Beppe Carletti e Augusto Daolio (attraverso una delle ultime interviste) ci raccontano cosa sono e cosa sono stati i Nomadi nel contesto italiano e in quel lembo di terra tra Reggio Emilia e Modena che ha sfornato altri grandi nomi come Ligabue, Cico e i Modena City Ramblers e Francesco Guccini. Tutti nomi presenti nel documentario, tutti intervistati dalla regista, Fedora Sasso (assieme ad altre pietre miliari come Caterina Caselli) per tracciare il ritratto di un’epoca e definire il futuro della band più longeva dopo i Rolling Stones.
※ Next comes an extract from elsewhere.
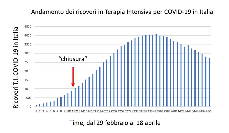 Sulla situazione italiana posto il grafico che vedete qui sotto generato con dati della Protezione Civile. Si riferisce al numero totale in Italia dei ricoverati in terapia intensive con diagnosi di COVID-19, dal 29 febbraio al 18 aprile. Da diversi giorni ho iniziato a seguire più di tutto questo numero perché sembra intercettare meglio di ogni altro indice l’andamento dell’epidemia in Italia. Il messaggio è chiarissimo: siamo in FASE CALANTE. Quanto ci vorrà per uscirne del tutto? Nessuno ovviamente può dirlo con certezza, ma estrapolando dalla curva, si dovrebbe arrivare a zero ricoveri nelle prossime 3-4 settimane.

Molte band o esperienze musicali nascono da un’amicizia, da un incontro perfetto avvenuto in un certo luogo. Pensiamo a Lennon e McCartney alla sagra di paese attorno alla chiesa di Woolton, sobborgo di Liverpool, nel luglio ’57. Pensiamo alla Foce di Genova, quartiere dove probabilmente personaggi come Paoli, Lauzi o Tenco non avrebbero avuto la sorte che conosciamo se non fossero stati amici dei fratelli Reverberi. Ecco, stavolta il luogo è Novellara, cittadina della bassa famosa per gli allevamenti e per i Nomadi che nascono proprio da uno di questi incontri magici: il creativo Augusto incontra il pragmatico Beppe. Sono all’opposto, sono complementari. L’uno è necessario all’altro per l’avventura che stanno per intraprendere, rappresentata nel film da due attori (Andrea Avanzi e Marco Santachiara) che, sempre di spalle, incarnano questa iconica amicizia. Beppe e Augusto affrontano balere, si fanno le ossa suonando e cantando: quando si incontrano, del resto, non sono che adolescenti. Ed è in questo humus culturale – e attraverso l’incontro con Francesco Guccini, ancora amico di Carletti con cui si diverte a parlare in dialetto – che nasce la personalità artistica dei Nomadi: il taglio contestatario di brani come Dio è morto, i concerti perpetui che rendono tautologico il nome del gruppo, la storia di Io Vagabondo, brano con testo di Alberto Salerno e oggi simbolo della band che però, a quanto pare, ha avuto un periodo di calo di popolarità ed è stato “resuscitato” da Rosario Fiorello attorno ai primi anni Duemila. Lo showman siciliano, intervistato, la considera un po’ la sua sigla personale.
Poi, la morte di Augusto e il periodo nero, a seguire, di Beppe. Ce lo raccontano anche i suoi figli (Davide ed Elena – quest’ultima è l’attuale sindaco di Novellara): perdere Augusto è stato per il tastierista come perdere un fratello. Beppe però si rialza e, con la concretezza che lo contraddistingue, tiene la barra a dritta e traghetta i Nomadi nel nuovo millennio facendone la band più longeva dopo i Rolling Stones (“Aspettiamo che i Rolling Stones si sciolgano” scherza con il Presidente Mattarella che lo riceve al Quirinale nel luglio 2023). I tre cantanti dopo Augusto (Danilo Sacco, Cristian Turato, Yuri Cilloni) non saranno però mai soli al microfono e Carletti lo dice: “Augusto è ancora i Nomadi”. Quando in concerto viene mostrata la foto del frontman, il pubblico impazzisce.
La voce di Augusto. È forse questa la cosa più toccante del documentario: Beppe è presente (durante la proiezione al Biografilm, anche in sala) ma è presente anche Augusto. È presente la parte di Augusto che ha fatto storia: la voce. Stavolta però non sono le canzoni, ma un’intervista per la Rai – registrata nel 1989 per la trasmissione Lo specchio del cielo e recuperata da Fedora Sacco – a dare l’illusione che il cantante non se ne sia veramente mai andato. Ed è una lunga intervista nella quale Daolio, morto per cancro ai polmoni nel 1992, racconta della band, di Novellara, delle proprie idee, della contestazione e di Beppe. Un controcanto toccante da un’altra dimensione.